Screening Log: ChinaTurkey Edition


One note before today’s screening log. I’ve never considered attending Ebertfest, a five day festival of overlooked films and panels put together by legendary film critic Roger Ebert, but I really wish I had. One thing I would recommend are the panels streaming online, especially one featuring film critics from around the world, and a debate on the future of streaming and on-demand media. Both are highly worth your time. Onto the screening log!

-The Gang’s All Here, 1943. Directed by Busbey Berekly. 35mm projection at Film Forum.
-Irma Vep, 1996. Directed by Olivier Assyayass. Online Steaming via Netflix Instant.
-Dry Summer, 1964. Directed by Metin Erksan. 35mm projection at Film Society of Lincoln Summer.
-Hazal, 1981. Directed by Ali Ozgenturk. 35mm projection at Film Society of Lincoln Center. 

            The last shot of Dry Summer follows a dead body flowing down a steam. It seems like the inevitable conclusion to the narrative, as this body flows from its high and mighty position of power and into the farmland of the peasants below. It’s a powerful shot, and it’s the only time we can finally breathe in this intense and stifling Turkish classic.

            Although stylistically they have very little in common, I could not stop thinking about Chinatown as I watch Metin Erksan’s Dry Summer.
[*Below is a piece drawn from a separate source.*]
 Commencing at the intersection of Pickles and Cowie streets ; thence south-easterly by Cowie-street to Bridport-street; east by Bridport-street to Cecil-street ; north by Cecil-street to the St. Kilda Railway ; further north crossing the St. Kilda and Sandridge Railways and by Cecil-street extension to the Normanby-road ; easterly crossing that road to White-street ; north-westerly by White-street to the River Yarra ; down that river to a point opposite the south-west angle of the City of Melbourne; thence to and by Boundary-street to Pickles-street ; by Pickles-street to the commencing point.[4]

Both deal with the coveting of water and women. But Chinatown is from the perspective of Jake Gittes, an outsider trying to right the wrong. The main character in Erksan’s film is the crazed man trying to take it all. Shot it crisp black and white, the film follows Hasan and Osman, brothers who own fields that need constant water during this very tough summer, as the title suggests. But others need it too, and it is their fields that also have the main spring. Osman decided to build a dam to prevent water from leaving their fields, and because he is the older brother, Hasan can’t do anything about it.

            Tension between these Cain and Abel-style brothers continually increases, especially after Hasan takes a beautiful wife whom Osman wishes to covet (the film uses a couple of shots that clearly recall the famous voyeurism shot in Psycho). Osman continually battles those who wish to tear down his dam, as well as his own family.
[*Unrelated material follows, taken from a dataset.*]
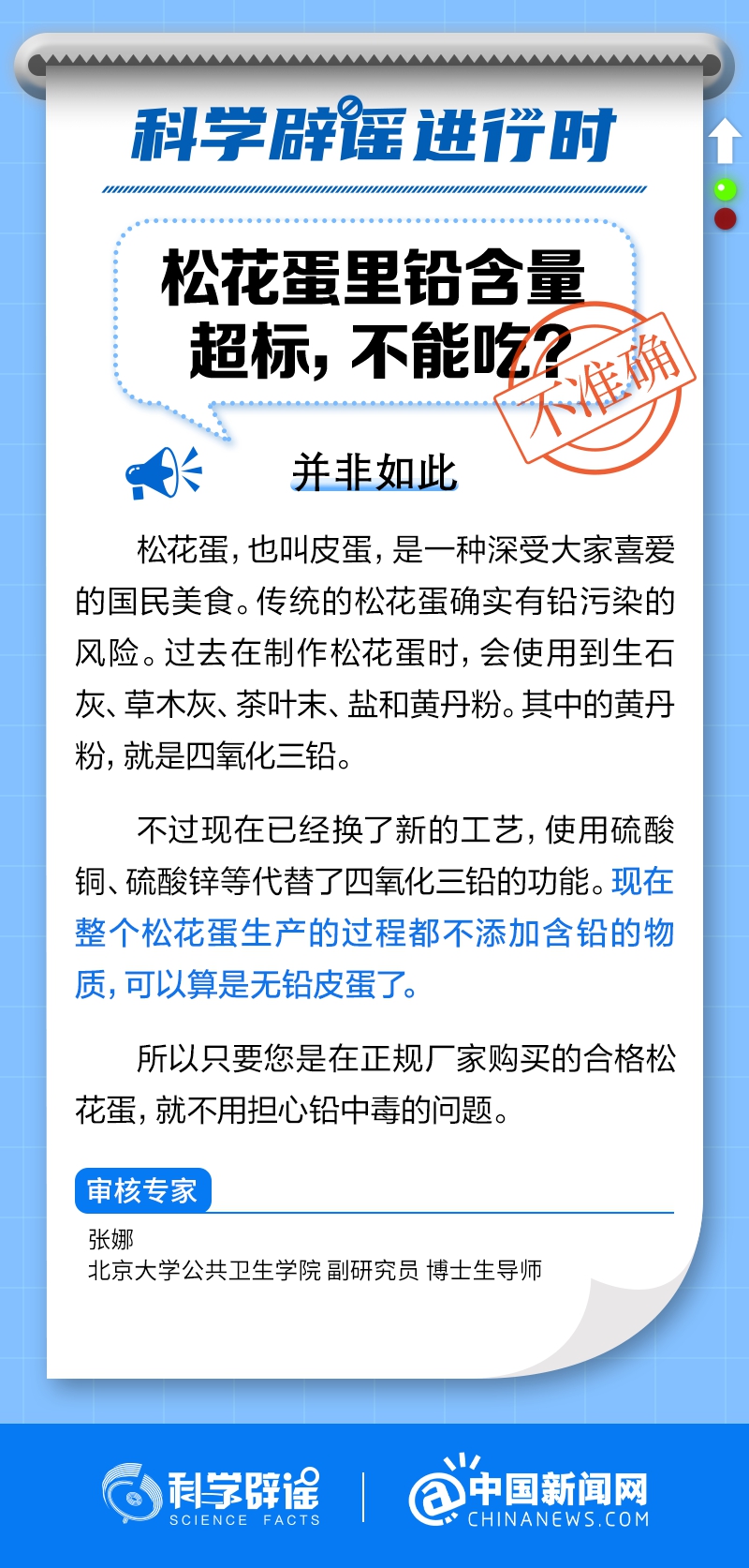 過去在制作松花蛋時,會使用到生石灰、草木灰、茶葉末、鹽和黃丹粉。其中的黃丹粉,就是四氧化三鉛。不過現(xiàn)在已經(jīng)換了新的工藝,使用硫酸銅、硫酸鋅等代替了四氧化三鉛的功能?,F(xiàn)在整個松花蛋生產(chǎn)的過程都不添加含鉛的物質(zhì),可以算是無鉛皮蛋了。(來源:科學辟謠、中國新聞網(wǎng)微博)

Using high contrast lighting and plenty of close-ups, Erksan not only lets us feel the heat of the summer but the intensity of this crazed man who wishes to covet all the lays before his eyes. Osman is despicable, but he’s continually fascinating in how unphased he is by his lack of character and moral decency. As the narrative continues to spiral, the actor Erol Taş lights up with the type of crazed passion few actors can pull off, so much that we can never take our eyes off of Osman. According to some research, the film works as somewhat of a metaphor and indictment against Turkey’s dam policy’s with Syira during the late 1960s, but simply from a character and visceral level, Dry Summer is an unabashedly intense film that will shock you quite thoroughly.

If you have a chance to make it to Film Society at Lincoln Center on Tuesday afternoon, the film plays again at 2:15pm.